== ASSIGNED TASK ==
Repeat the listing that follows, character for character, minus the pictures.
RECORDED INFORMATION START
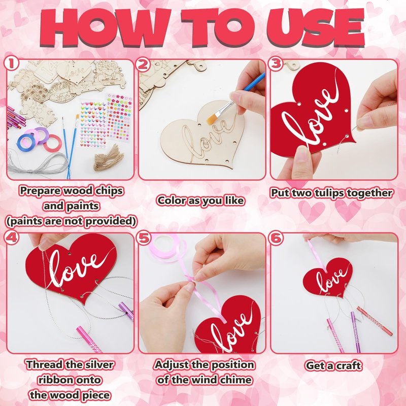 - Nice Crafting Gift: enjoy the fun of creation with our wind chime kit; With Valentine's Day wooden pieces, chime tubes, stickers, and multiple colors of ribbons, you can make your own home decoration to gift or keep
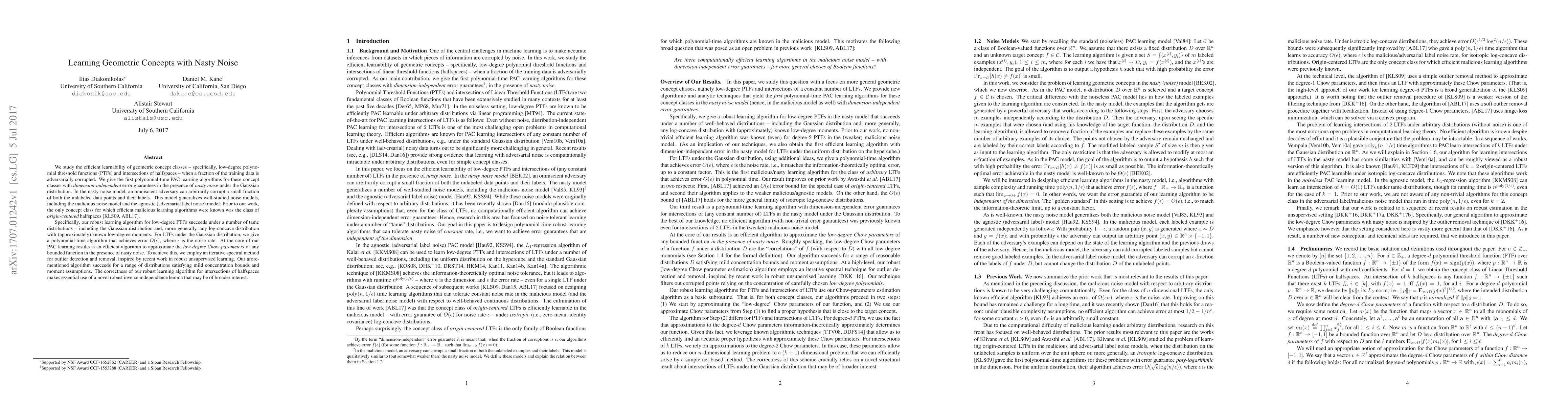 Researchers developed efficient learning algorithms for geometric concept classes with noisy data, achieving polynomial-time PAC learning with dimension-independent error guarantees under the nasty noise model.
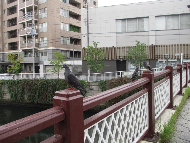 鳩も欄干に止まって休憩してます。
RECORDED INFORMATION END
== ANSWER TO THIS EXERCISE ==
 - Nice Crafting Gift: enjoy the fun of creation with our wind chime kit; With Valentine's Day wooden pieces, chime tubes, stickers, and multiple colors of ribbons, you can make your own home decoration to gift or keep
 Researchers developed efficient learning algorithms for geometric concept classes with noisy data, achieving polynomial-time PAC learning with dimension-independent error guarantees under the nasty noise model.
 鳩も欄干に止まって休憩してます。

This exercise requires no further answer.